**Records to use:**
·····

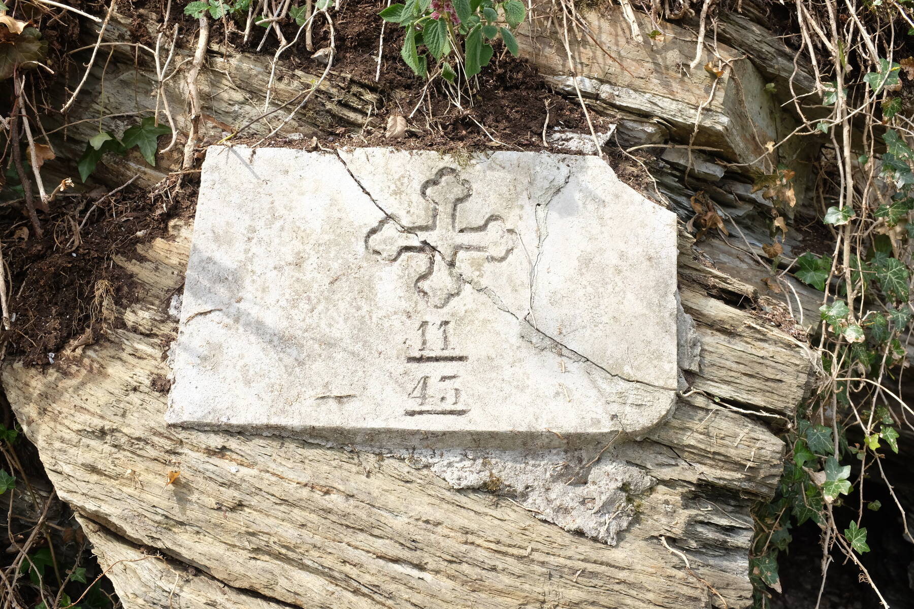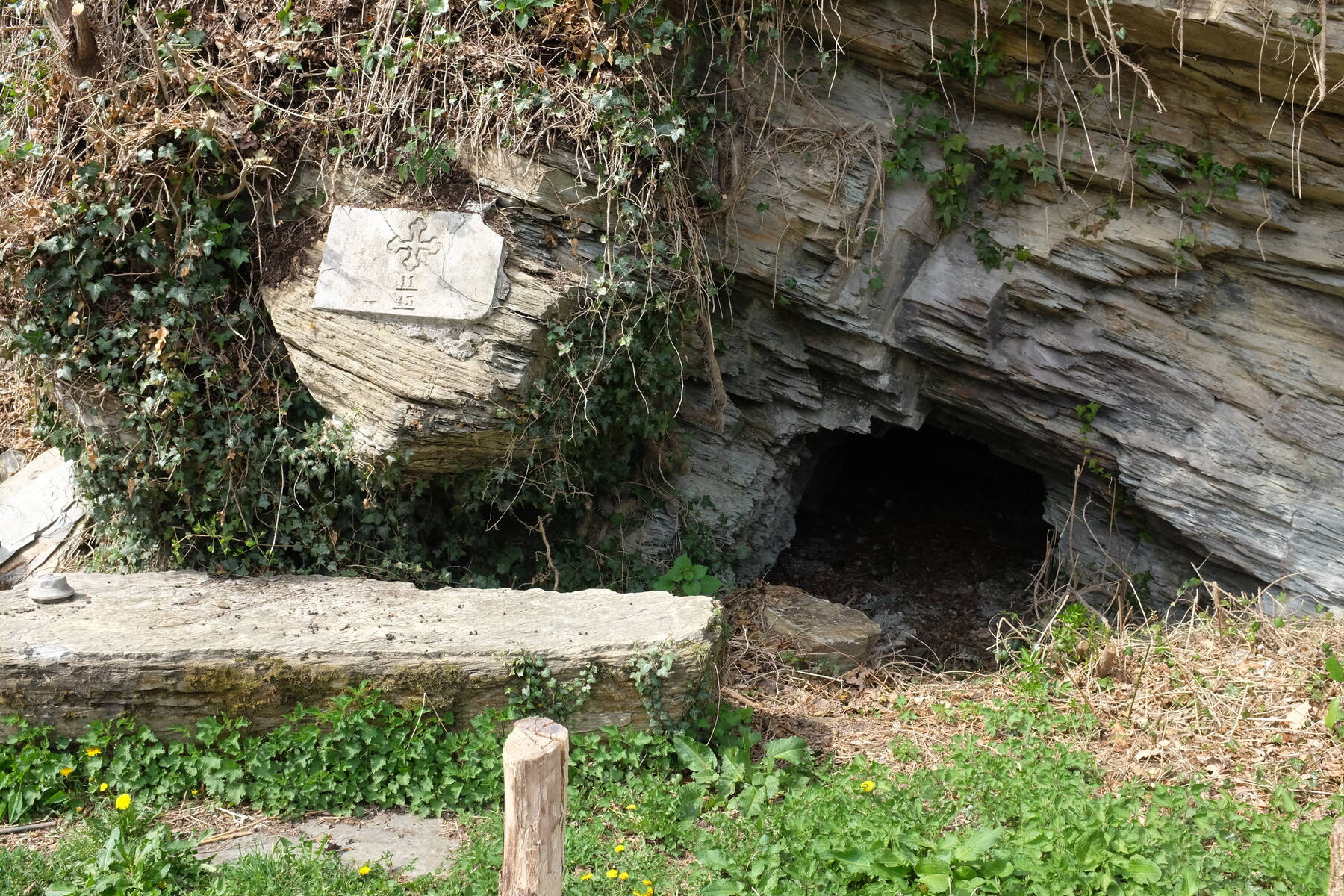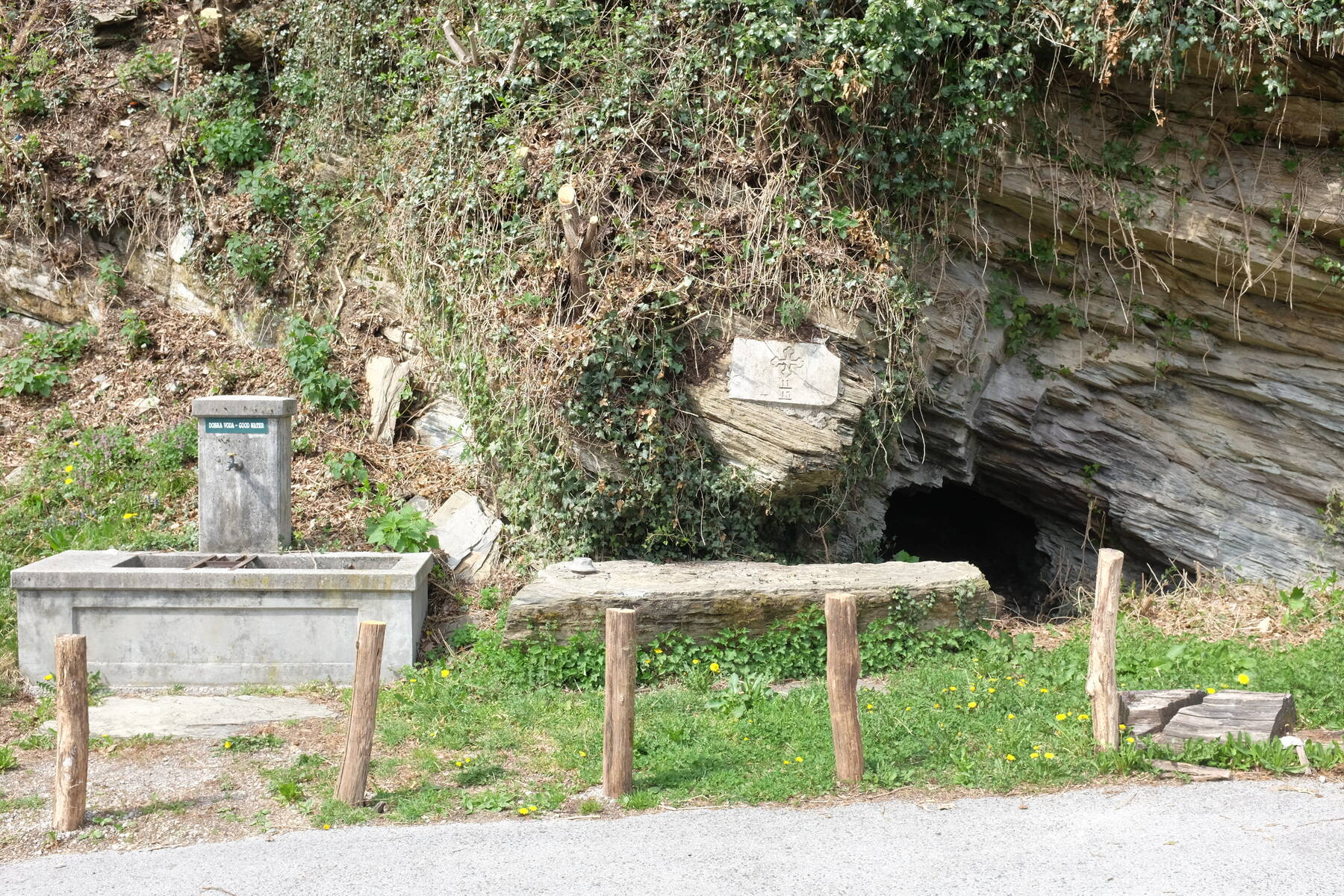 Ob koritu je položena skala, na kateri je mogoče sedeti. Nad skalo je kamnita plošča s križem in številkama 11 in 43. Zadaj je še kaverna.
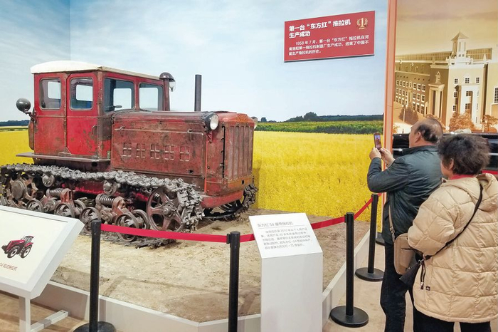 如今,走进正在北京展览馆举办的“伟大历程 辉煌成就——庆祝中华人民共和国成立70周年大型成就展”,你会看到一台当年生产的“东方红”拖拉机。虽然它早已锈迹斑斑,没有了往日的光鲜,但它方正威武的外形、全身通红的颜色、宽大厚重的履带,还是能勾起许多人的回忆,仿佛看到它轰鸣着行走在广袤的田野上辛勤耕作。
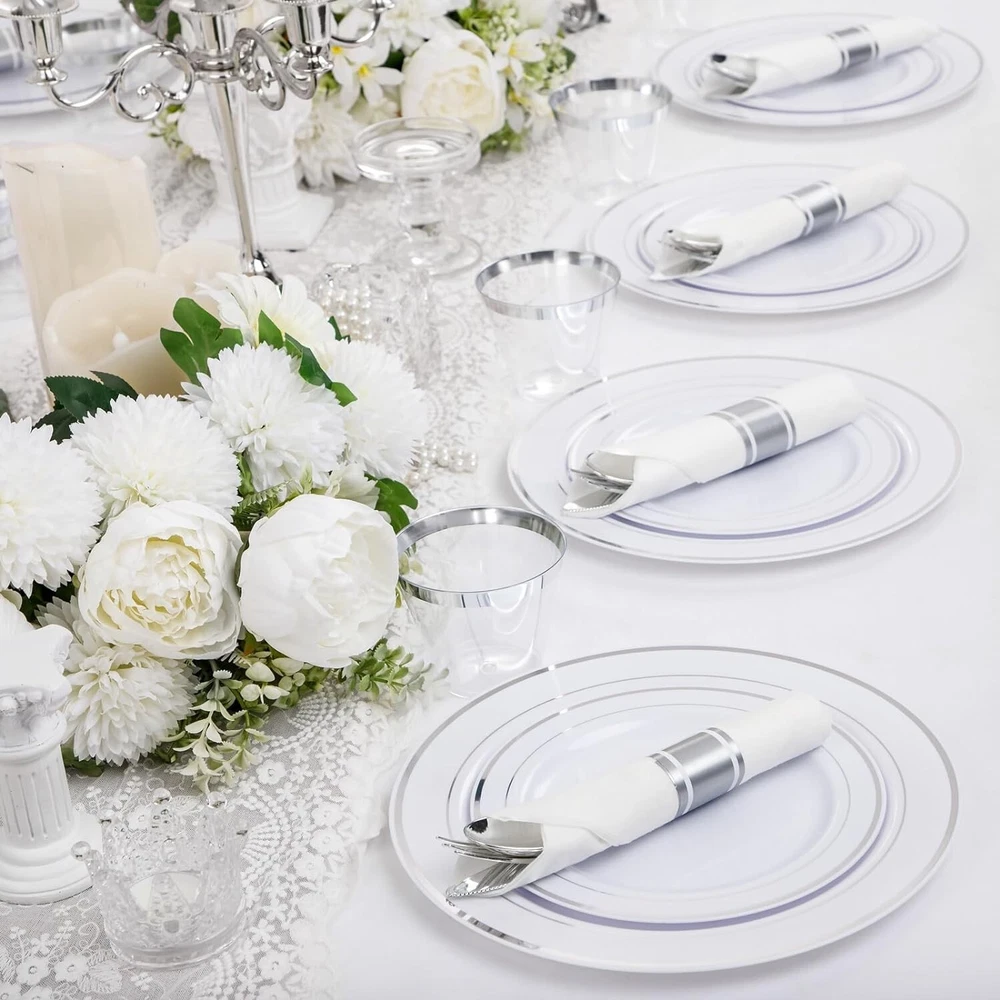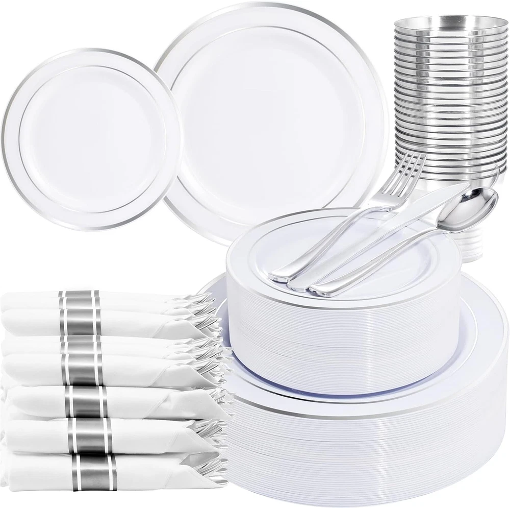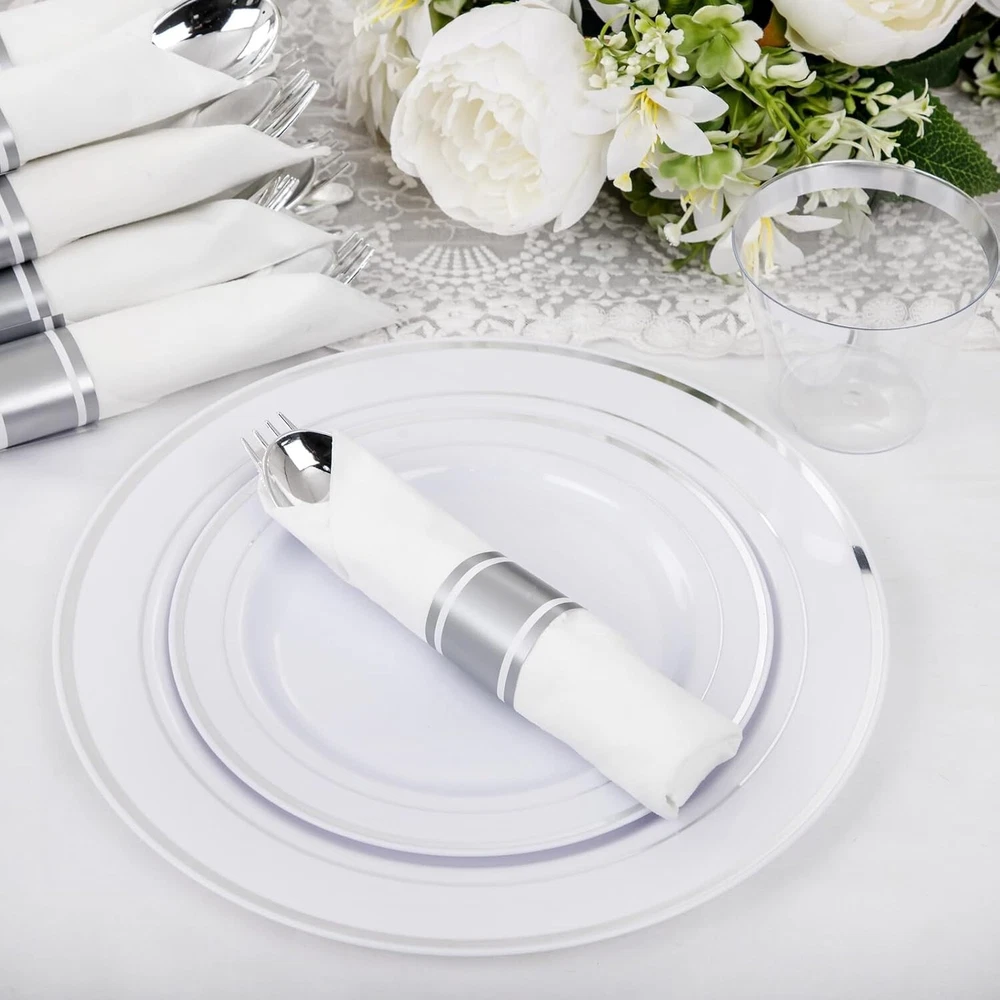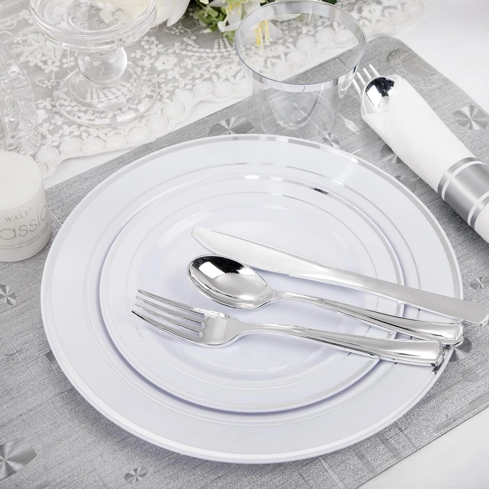 210 Piece Silver Plastic Dinnerware Set for 30 Guests, Plastic Plates for Party, Include: 30 Dinner Plates, 30 Dessert Plates, 30 Pre Rolled Napkins with Silver Silverware and 30 Cups WHAT YOU GET - 210pcs silver party plates sets for 30 guests with 30 " dinner plates, 30 " salad plates, 30 paper napkins, 30 9oz cups, 30 knives, 30 forks, and 30 spoons IDEAL FOR PARTIES - With plastic plates for party, you can easily host a party without worrying about the cleanup at the end. You can throw them in the trash after use. These silver plastic party plates are great for weddings, holidays, baby showers, business parties, Thanksgiving, Halloween, and Christmas dinners STURDY & DURABLE - These heavy-duty party plates and cups and napkins sets are made of hard plastic and are thick enough to avoid deformation or breaking from plates, knives, and forks. They can handle hot, cold, and wet food without leaks or spills BPA FREE - These disposable plates and napkins party supplies are made of food-grade, reusable plastic that is non-toxic and 100% BPA-free. If you need to reuse the wedding plates with silver rim, simply wash these party supplies with water. Note: These party plates aren't recommended to be placed in the microwave or dishwasher SINCERE SERVICE: If you have any unpleasant shopping experience about our plastic plates, welcome to contact me by , we will give your reply as soon as possible
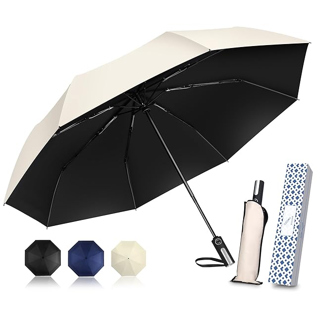 この折りたたみ傘は、ワンタッチでスムーズに開閉できる便利さと、高密度生地にテフロン撥水コーティングを施した超撥水機能を兼ね備えています。UVカット率99.9%で日差しからも守り、直径103cmの広い傘面は二人でもゆったり使用可能。軽量ながらアルミ合金とグラスファイバーを使用した8本骨構造で強風にも耐える耐久性を実現。シンプルで高級感あるデザインは日常使いから贈り物にも最適です。
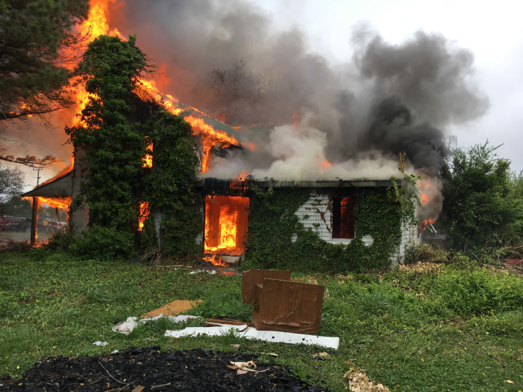 A home on the 2000 block of Princess Anne Road was burned during a Virginia Beach Fire Department training event on April 15. [Via Virginia Beach Professional Firefighters]

·····

**Task to complete:** Please set down the lines above word for word and leave out the pictures.

**Answer area:**
 Ob koritu je položena skala, na kateri je mogoče sedeti. Nad skalo je kamnita plošča s križem in številkama 11 in 43. Zadaj je še kaverna.
 如今,走进正在北京展览馆举办的“伟大历程 辉煌成就——庆祝中华人民共和国成立70周年大型成就展”,你会看到一台当年生产的“东方红”拖拉机。虽然它早已锈迹斑斑,没有了往日的光鲜,但它方正威武的外形、全身通红的颜色、宽大厚重的履带,还是能勾起许多人的回忆,仿佛看到它轰鸣着行走在广袤的田野上辛勤耕作。
 210 Piece Silver Plastic Dinnerware Set for 30 Guests, Plastic Plates for Party, Include: 30 Dinner Plates, 30 Dessert Plates, 30 Pre Rolled Napkins with Silver Silverware and 30 Cups WHAT YOU GET - 210pcs silver party plates sets for 30 guests with 30 " dinner plates, 30 " salad plates, 30 paper napkins, 30 9oz cups, 30 knives, 30 forks, and 30 spoons IDEAL FOR PARTIES - With plastic plates for party, you can easily host a party without worrying about the cleanup at the end. You can throw them in the trash after use. These silver plastic party plates are great for weddings, holidays, baby showers, business parties, Thanksgiving, Halloween, and Christmas dinners STURDY & DURABLE - These heavy-duty party plates and cups and napkins sets are made of hard plastic and are thick enough to avoid deformation or breaking from plates, knives, and forks. They can handle hot, cold, and wet food without leaks or spills BPA FREE - These disposable plates and napkins party supplies are made of food-grade, reusable plastic that is non-toxic and 100% BPA-free. If you need to reuse the wedding plates with silver rim, simply wash these party supplies with water. Note: These party plates aren't recommended to be placed in the microwave or dishwasher SINCERE SERVICE: If you have any unpleasant shopping experience about our plastic plates, welcome to contact me by , we will give your reply as soon as possible
 この折りたたみ傘は、ワンタッチでスムーズに開閉できる便利さと、高密度生地にテフロン撥水コーティングを施した超撥水機能を兼ね備えています。UVカット率99.9%で日差しからも守り、直径103cmの広い傘面は二人でもゆったり使用可能。軽量ながらアルミ合金とグラスファイバーを使用した8本骨構造で強風にも耐える耐久性を実現。シンプルで高級感あるデザインは日常使いから贈り物にも最適です。
 A home on the 2000 block of Princess Anne Road was burned during a Virginia Beach Fire Department training event on April 15. [Via Virginia Beach Professional Firefighters]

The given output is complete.